And (V) randomly dividing 5 million defaulting users and 15 million family users into training samples and prediction samples according to a ratio of 7:3, wherein 3.2 million defaulting users and 10.8 million family users are divided into training samples, the rest 1.8 million defaulting users and 4.2 million family users are divided into prediction samples, then, according to a random division result, finding corresponding data in a relational data total table, dividing the relational data total table into a relational data table I and a relational data table II, storing the relational data table I into the training samples, and storing the relational data table II into the prediction samples. It should be noted here that all the relevant data of a certain enterprise in the relational data total table are divided into training samples or prediction samples.

Carrying out exploratory data analysis on data contained in a relational data table of the training sample and three-layer indexes of an enterprise credit index system to remove 11 unreasonable indexes;

data contained in a relational data table I of a training sample and three-layer indexes of an enterprise credit index system are subjected to data cleaning, and 546 indexes are left after invalid value processing, numerical value quantification and missing value processing; after the screening of the same value rate, remaining 40 indexes; adding 11 unreasonable indexes removed in the exploratory data analysis process, and then performing VIF collinearity analysis to remove relevant characteristics, and then remaining 17 mold-entering indexes; after screening and filtering and abnormal value detection of training samples, 10 indexes in 17 in-mold indexes have missing values, 7 indexes have no missing values, the characteristics of 7 non-missing indexes are used as characteristic variables, 10 missing indexes are respectively selected as target functions, aiming at the remaining training samples after screening and filtering, the characteristic variables and the non-missing values of the target functions are used as training samples, a RandomForest model is trained, the trained RandomForest model can predict the missing values of the missing characteristics, and filling of the missing indexes in all the training samples is completed; and filling missing values of 17 modulus-entering indexes to serve as a preliminary modulus-entering index.
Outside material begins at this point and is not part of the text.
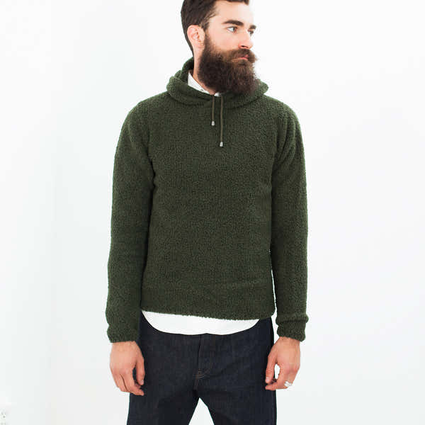 A nubbly and stretchy hooded sweatshirt with a subtle pull at the waist to keep in the warmth. Hematite drawcords. Esemplare. Color Greenfinch. 57% Virgin Wool, 26% Wool, 17% Polyamide. Addis is wearing a size Large. Addis is 6’2”, Chest 38.5”, Waist 31”, Inseam 32”.

Seventhly, determining that the number of input layer nodes of the neural network is 17 on the basis of the number of the preliminary mode entering indexes; determining the number of output layer nodes and the number of hidden layer layers of the neural network to be 2 respectively based on the fact that the training samples comprise positive samples and negative samples, and determining the number of nodes of the hidden layers to be 17 x 2 x 100 x 5 based on the learning speed, the number of initial mode-entering indexes and the number of hidden layer layers of the neural network;

the most common neural network activation functions include Sigmoid, Tanh, Softplus, Relu (Rectifier Liner Units), and the like, in this embodiment, it is determined that hidden layer output of the neural network is activated by using the Relu function, an output layer of the neural network is processed by using a softmax activation function, the output layer of the neural network is fused with a logistic regression method, and an enterprise credit evaluation model with deep learning and logistic regression fused is constructed;

determining a weight search strategy of the neural network by determining four aspects of a loss function, an optimizer, a learning rate and an iteration number, wherein,

c) it is determined that the learning rate is 0.001,

(VIII) training the enterprise credit evaluation model by using the training samples and the prediction samples, and judging whether the enterprise credit evaluation model is converged and is over-fitted; based on the initial model-entering index filled with the missing value, sequentially replacing each column of index vectors of the initial model-entering index in the training sample vector by randomly generating a column of disturbance variables, inputting the generated new training sample vector into a determined neural network to obtain a predicted value, calculating a loss function according to the input vector and the output predicted value, circularly generating 100 times of disturbance variables for each model-entering index, calculating the average value of the loss functions obtained under 100 times of newly generated training sample vectors, and evaluating the importance of each initial model-entering index; screening preliminary model entry indexes by setting different threshold values, training an enterprise credit evaluation model by the preliminary model entry indexes of the prediction samples, comparing the manual labeling result of the prediction samples with the prediction result of the enterprise credit evaluation model, determining the final model entry indexes, and generating an optimal enterprise credit evaluation model.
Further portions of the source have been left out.